Best practice: Always ask AI to produce a transformation log — a complete record of every change it made, why it made it, and how many records were affected. Review this log before accepting any cleaned dataset. If the AI cannot tell you exactly what it changed, do not use the cleaned data.
📝 Practical Tip: The Before-and-After Check
Before AI touches your data, record basic summary statistics: row count, column count, mean and range for key numeric variables, frequency counts for key categorical variables. After cleaning, check these again. If the row count dropped by 15% and the mean of your primary outcome variable shifted, you need to understand exactly why before proceeding. These are sanity checks that take seconds and can save you from building an entire analysis on corrupted foundations.
🔍 Exploratory Data Analysis (EDA) with AI
Exploratory data analysis is the phase where you get to know your data — its shape, its quirks, its stories. AI tools promise to accelerate this phase by generating summary statistics and visualisations from natural language descriptions. The promise is real, but it comes with important caveats.
The Promise
Imagine being able to type: "Show me the distribution of patient recovery times, broken down by treatment group, with outliers highlighted and a statistical comparison between groups." Modern AI tools can take a request like this and generate the appropriate code, produce the visualisation, calculate summary statistics, and even offer preliminary interpretations — all in seconds.
For researchers without deep programming expertise, this is transformative. Tasks that once required hours of coding and debugging can now be accomplished through conversation. AI can generate dozens of views of your data in the time it would take you to produce one, enabling a breadth of exploration that was previously impractical.
The Reality
Speed is not the same as insight. Several problems commonly arise when AI drives the EDA process:
- Inappropriate visualisations: AI may produce a bar chart when a box plot would be more informative, or use a pie chart (almost never the right choice) for data that demands a different representation. It optimises for what looks clean, not for what reveals the most about your data
- Missing important relationships: AI generates the plots you ask for, but it cannot anticipate which relationships in your data are scientifically interesting. It will not spontaneously check whether your treatment effect varies by site, or whether your time series has a seasonal pattern — unless you think to ask
- Over-interpreting noise: AI may describe random variation as a "trend" or a "pattern." When you ask it to summarise what it sees, it will find something to say even when the honest answer is "there is nothing notable here"

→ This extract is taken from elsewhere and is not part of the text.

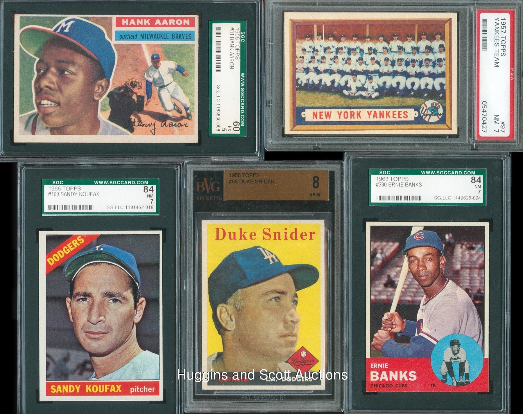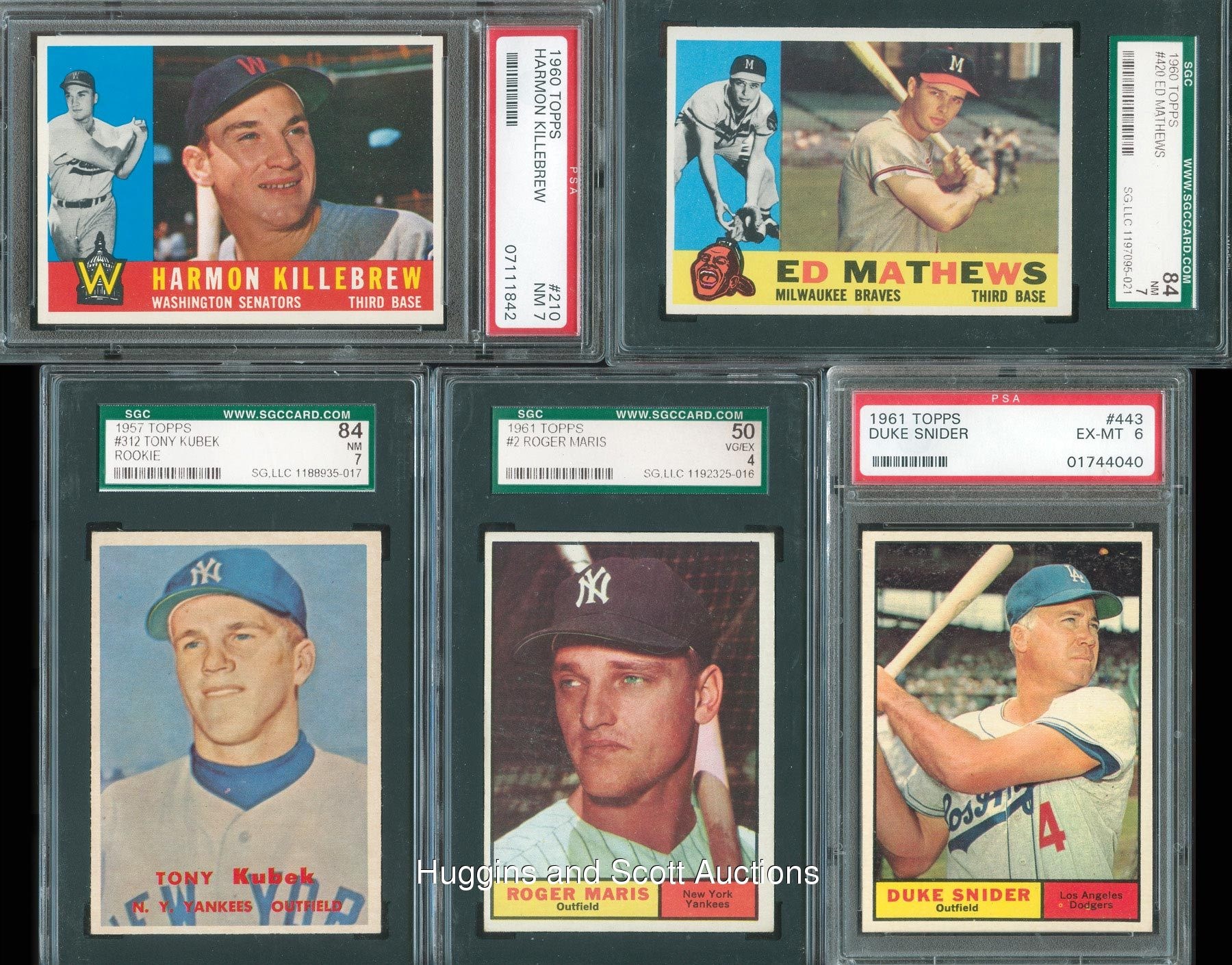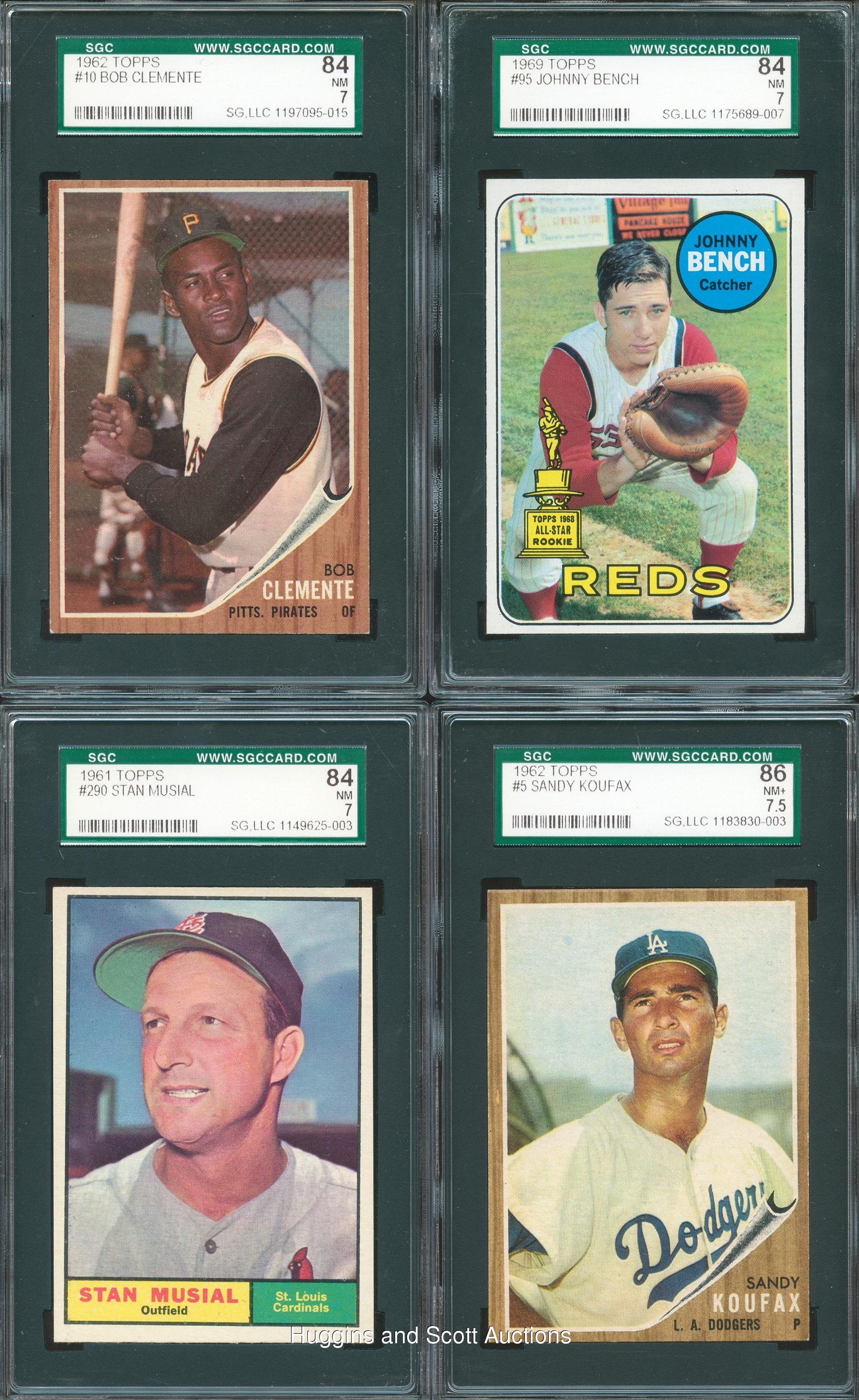 Vintage Graded Dealers! Take note of this loaded 1956-1975 Topps Baseball graded collection of (75) cards featuring a slew of sharp Hall of Famers and stars such as Clemente, Koufax, Musial and many more. Highlights include 1956 Topps: #21 Aaron (SGC 60); 1957 Topps: #210 Campanella (GAI 7.5), #212 Colavito RC (SGC 84), #250 Mathews (SGC 80), #312 Kubek RC (SGC 84); 1958 Topps: #88 Snider (BVG 8); 1960 Topps: #210 Killebrew (PSA 7), #420 Mathews (SGC 84); 1961 Topps: #290 Musial (SGC 84), #443 Snider (PSA 6); 1962 Topps: #5 Koufax (SGC 86), #10 Clemente (SGC 84), #30 Mathews (SGC 84); 1963 Topps: #380 Banks (SGC 84); 1965 Topps: #500 Mathews (BVG 7.5); 1966 Topps: #100 Koufax (SGC 84) and 1969 Topps: #95 Bench (SGC 84). More on our website. 1956 Topps: (3 cards) with #21 Aaron (SGC 60), #72 Phillies Team (SGC 80, centered), #116 Jensen (BVG 7.5); 1957 Topps: (12 cards) with GAI 8: #396; SGC 88: #262; GAI 7.5: #210 Campanella; BVG 7: #334; GAI 7: #286 Richardson RC; PSA 7: #97 Yankees Team, #230 Kell; SGC 84: #27, #212 Colavito RC, 255, #312 Kubek RC; SGC 80: #250 Mathews; 1958 Topps: #88 Snider (BVG 8); 1959 Topps: (2 cards, both SGC 86) with #397, 429; 1960 Topps: (5 cards) with (2) #25 (both SGC 84), #210 Killebrew (PSA 7), 348 (SGC 86), #420 Mathews (SGC 84); 1961 Topps: (5 cards) with #2 Maris (SGC 50), 82 (SGC 88), #290 Musial (SGC 84), #409 W. Johnson Thrills (SGC 80), #443 Snider (PSA 6); 1962 Topps: (12 cards) with BVG 7.5: #175; SGC 86: #5 Koufax; BVG 7: #175, #461 Hubbs RC; PSA 7: #110; SGC 84: #10 Clemente, #30 Mathews, #60 NL Strikeout Leaders, 351, #353 Mazeroski, #461 Hubbs RC; BVG 6.5: #163; 1963 Topps: (4 cards) with #15 (SGC 84), 123 (SGC 84), 347 (SGC 86), #380 Banks (SGC 84); 1964 Topps: (4 cards) with #11 NL RBI Leaders (SGC 70), #146 John RC (SGC 84), 371 (SGC 80), 415 (BVG 7.5); 1965 Topps: (8 cards) with BVG 7.5: #95 Mazeroski, #500 Mathews; SGC 86: #95 Mazeroski, 234, 394; PSA 7: #137; SGC 84: #99; SGC 70: #513 Yankees Team; 1966 Topps: (3 cards) with #100 Koufax (SGC 84), 448 (BVG 7.5), 501 (SGC 88); 1967 Topps: (2 cards) with #236 NL Pitching Leaders (SGC 88), #510 Mazeroski (PSA 7); 1968 Topps: (6 cards) with #99 (SGC 92), 234 (PSA 8), 248 (SGC 96), 320 (BVG 8.5), 335 (SGC 84), #390 Mazeroski (BVG 7.5); 1969 Topps: #95 Bench (SGC 84); 1971 Topps: (3 cards) with #183 Hodges (SGC 86)m (2) #620 F. Howard (SGC 86, SGC 84); 1975 Topp Mini: (2 cards) with #20 Munson (BVG 8.5), #201 Howard/Koufax (SGC 92)

- Default choices that obscure: AI makes dozens of small decisions in every plot — axis scales, bin widths, colour schemes, whether to show individual data points or just summaries. Each of these choices can hide or reveal important features of your data, and AI defaults are not always the best choices for your specific analysis
🔬 Walkthrough: An EDA Workflow with AI Assistance
Suppose you have a dataset of 500 survey responses measuring attitudes toward AI in education across three South African universities, with responses on a 5-point Likert scale across 20 items, along with demographic variables (age, gender, faculty, year of study).
Step 1 — Let AI generate the overview: Ask for basic summary statistics, missing data patterns, and distributions of all variables. This is where AI shines — it generates the mechanical overview quickly and accurately.
Step 2 — You decide what to explore: The AI's overview shows that one university has a much higher non-response rate on certain items. This is interesting — but only because you know that university recently had a controversy about AI-assisted plagiarism. AI would not make this connection.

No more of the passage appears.